SYNTAXIN OF PLANTS 81 regulates fatty acid desaturation by mediating Acyl Carrier Protein Desaturase 5 during seed development in Arabidopsis thaliana.

Abstract

Lipids are essential for building cells and are used as important seed reserves. Fatty acids (FAs) are the key structural units of lipids, forming their hydrophobic tails in triglycerides and phospholipids.
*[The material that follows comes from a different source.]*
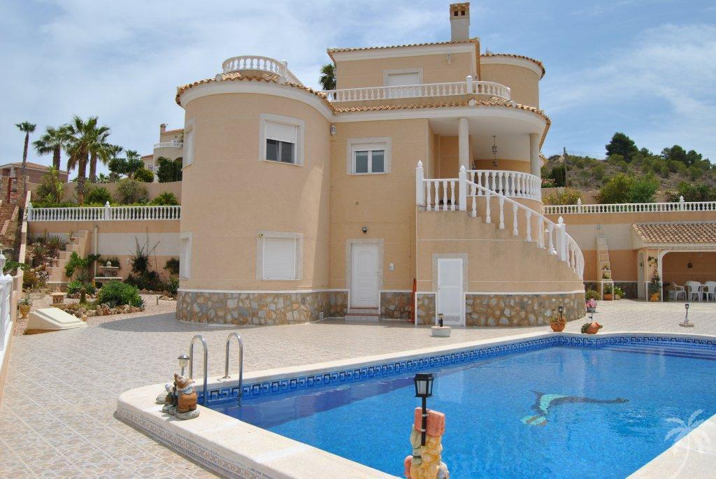 This breathtaking villa is a wonderful example of a traditional Spanish building in all its splendour. The property was delivered in 1993, and has been in mint condition ever since. The house has 6 bedrooms and 3 bathrooms, of which 2 are en-suite. There is also an apartment located on the very top floor of the villa. This has a bedroom, bathroom, kitchen and lounge area. It is reachable through an internal stairs. With a surface of 480 m², which includes the 2-car garage, this villa can be called enormous. The private pool measures 10 x 5 meter and is located on the 1200 m² plot. Despite its size, the plot has been maintained very well, as is seen on the photos. All furniture seen in the pictures is included in the price. We have a lot of pictures in our possession, please contact us for more information.

FA synthesis starts in plastids and is completed in the endoplasmic reticulum (ER). SYNTAXIN OF PLANTS 81 (SYP81), a Qa-soluble N-ETHYLMALEIMIDE SENSITIVE FACTOR attachment protein receptor (Qa-SNARE), regulates vesicle trafficking between the ER and Golgi apparatus, yet its role in FA synthesis is unknown. Here, we examined the expression of SYP81 during Arabidopsis thaliana seed development and found that the syp81 mutation reduced Acyl-Acyl Desaturase 5 (AAD5) accumulation in plastids of Arabidopsis embryonic cells and thus significantly decreased unsaturated FA production. Pull-down experiments identified possible interactors with SYP81, including various Stearoyl-Acyl carrier protein Desaturases (SADs), notably AAD5, and Translocons at Outer envelope membranes of Chloroplast (TOCs), especially TOC33. To validate these interactions, CoIP, yeast-two-hybridization assays, and bimolecular-fluorescence-complementation experiments were performed. The results of these experiments supported the interaction between SYP81 and AAD5, as well as SYP81 and TOC33. Based on these findings, a model was proposed, suggesting that pre-AAD5, recruited by SYP81, translocates from the ER to the plastids through the TIC-TOC complex mediations. Within the plastids, pre-AAD5 then matures into its catalytically active form, enabling subsequent FA desaturation.